What this task involves: Leave the pictures out. Retype exactly the lines below from the one containing "Bruma Imperial Bateria" through the one containing "and long-lasting use.", and no others.
*** Opening Extracted data ***
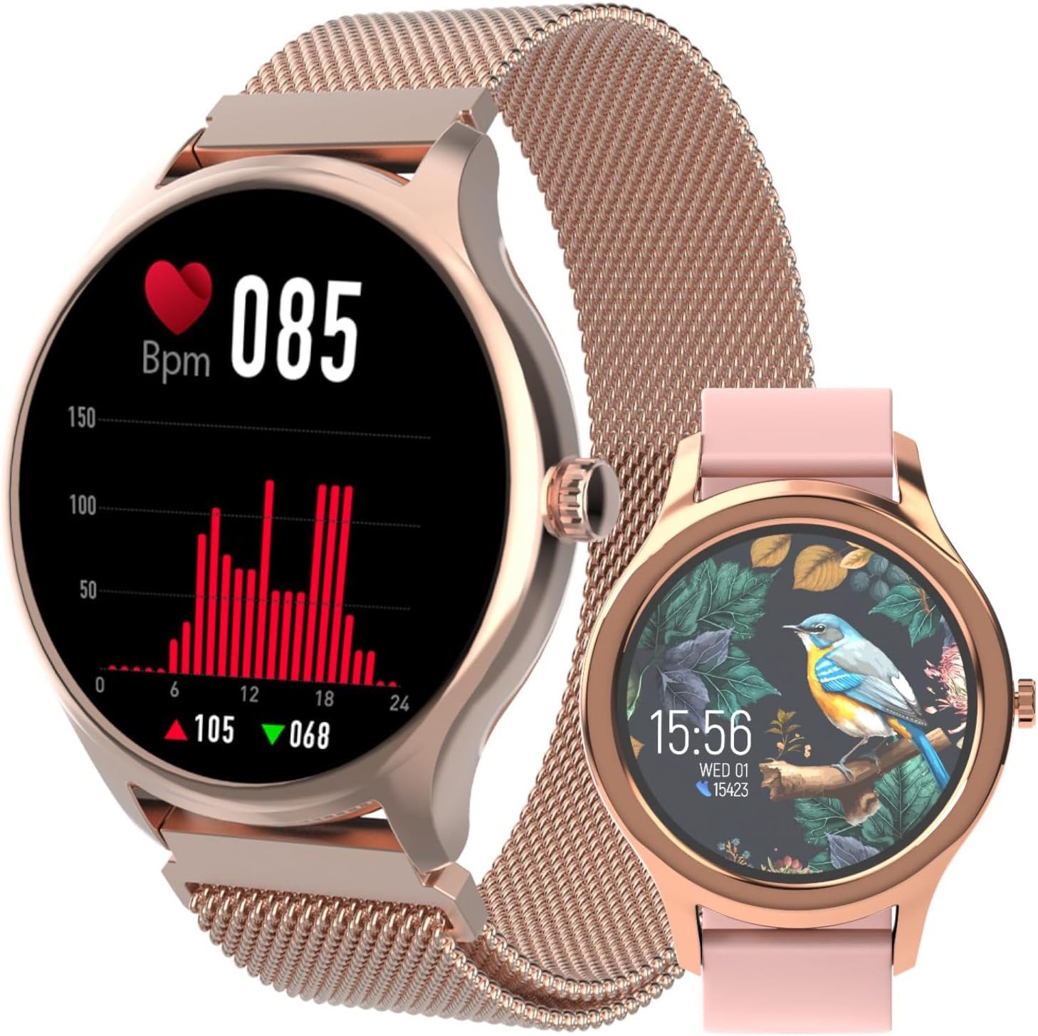Die Damen Smartwatch überzeugt durch ein schlankes Gehäuse und ein stilvolles Armband. Dank wechselbarer Silikonbänder passt sie sich verschiedenen Outfits flexibel an.
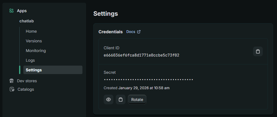 - Go to App settings and copy the Client ID and Secret -- store these securely, you will need them to connect with ChatLab
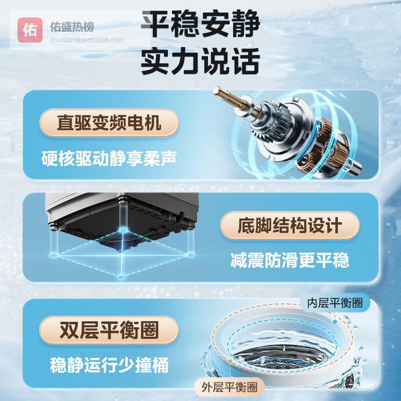 1️⃣高效直驱变频电机:强劲动力与低噪音的完美结合,带来安静舒适的洗涤体验。即使在夜间使用,也能保持低干扰,让家里保持宁静。
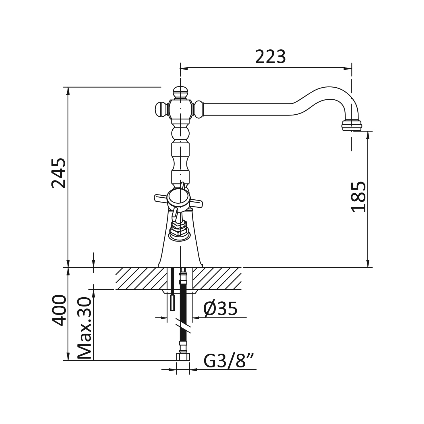 Bruma Imperial Bateria umywalkowa jednootworowa bez korka chrom 1177100CR
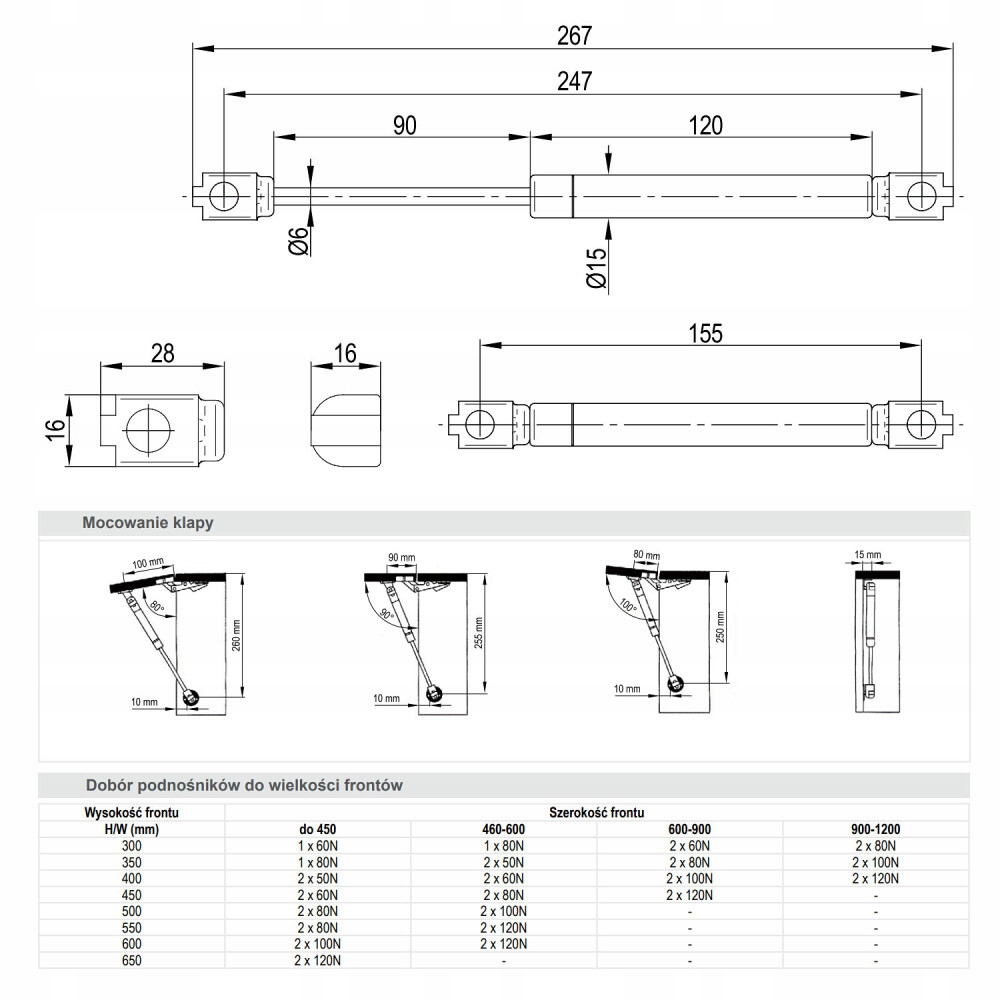 Підйомник, привод, меблі, газовий телескоп REJS 100N
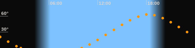 Höchster Stand (Kulmination)18:16 Uhr (h = 63°)
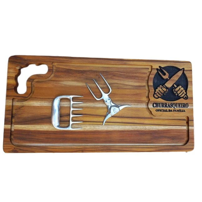 Tábua de corte para churrasco acompanha garra e tridente para carne modelo PERSONALIZADA COM NOME
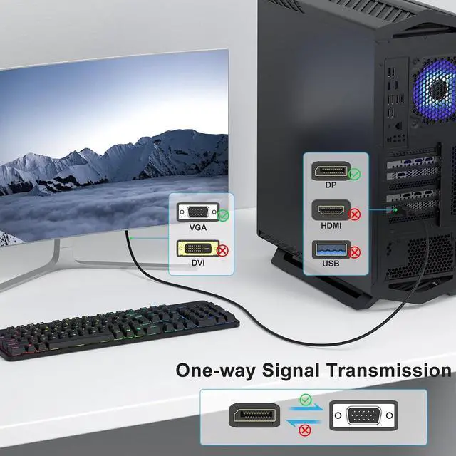 ? Wide CompatibilityWorks with DP-equipped laptops desktops and graphics cards connects to VGA monitors projectors or monitors supports extended and mirrored display modes. Ideal for office home and presentation settings.? 1080P@60Hz Full HDBuilt-in advanced IC chip ensures clear flicker-free video up to 1920x1080@60Hz perfect for work presentations games and movies providing clear images and smooth video for work or entertainment.? Plug and PlayNo drivers or external power required. Simply connect your DP and VGA devices for instant high-quality video and audio transmission.? Secure & Durable Reinforced latch design prevents accidental disconnection; gold-plated connectors and corrosion-resistant shielding pvc cable provide stable signal and long-lasting use.
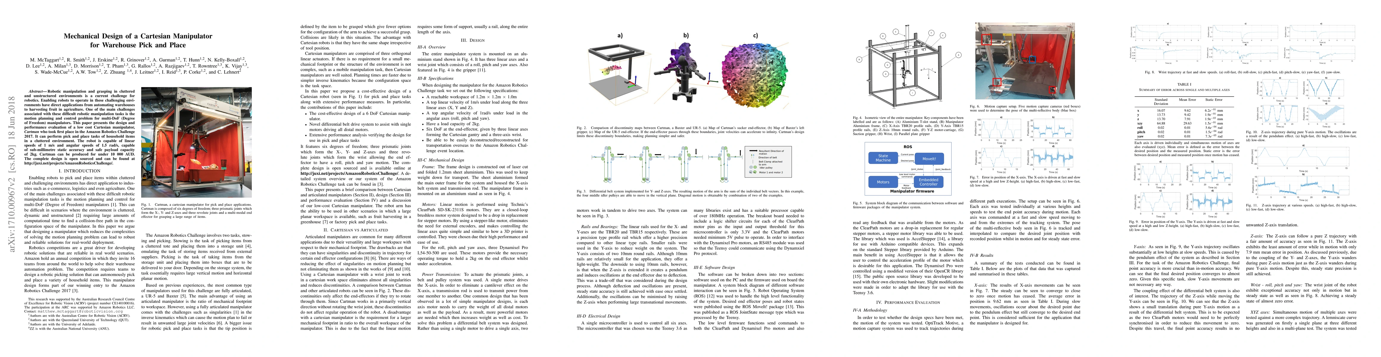 Robotic manipulation and grasping in cluttered and unstructured environments is a current challenge for robotics. Enabling robots to operate in these challenging environments have direct applications from automating warehouses to harvesting fruit in agriculture. One of the main challenges associated with these difficult robotic manipulation tasks is the motion planning and control problem for multi-DoF (Degree of Freedom) manipulators. This paper presents the design and performance evaluation of a low-cost Cartesian manipulator, Cartman who took first place in the Amazon Robotics Challenge 2017. It can perform pick and place tasks of household items in a cluttered environment. The robot is capable of linear speeds of 1 m/s and angular speeds of 1.5 rad/s, capable of sub-millimetre static accuracy and safe payload capacity of 2kg. Cartman can be produced for under 10 000 AUD. The complete design is open sourced and can be found at http://juxi.net/projects/AmazonRoboticsChallenge.
*** Closing Extracted data ***
Response:
 Bruma Imperial Bateria umywalkowa jednootworowa bez korka chrom 1177100CR
 Підйомник, привод, меблі, газовий телескоп REJS 100N
 Höchster Stand (Kulmination)18:16 Uhr (h = 63°)
 Tábua de corte para churrasco acompanha garra e tridente para carne modelo PERSONALIZADA COM NOME
 ? Wide CompatibilityWorks with DP-equipped laptops desktops and graphics cards connects to VGA monitors projectors or monitors supports extended and mirrored display modes. Ideal for office home and presentation settings.? 1080P@60Hz Full HDBuilt-in advanced IC chip ensures clear flicker-free video up to 1920x1080@60Hz perfect for work presentations games and movies providing clear images and smooth video for work or entertainment.? Plug and PlayNo drivers or external power required. Simply connect your DP and VGA devices for instant high-quality video and audio transmission.? Secure & Durable Reinforced latch design prevents accidental disconnection; gold-plated connectors and corrosion-resistant shielding pvc cable provide stable signal and long-lasting use.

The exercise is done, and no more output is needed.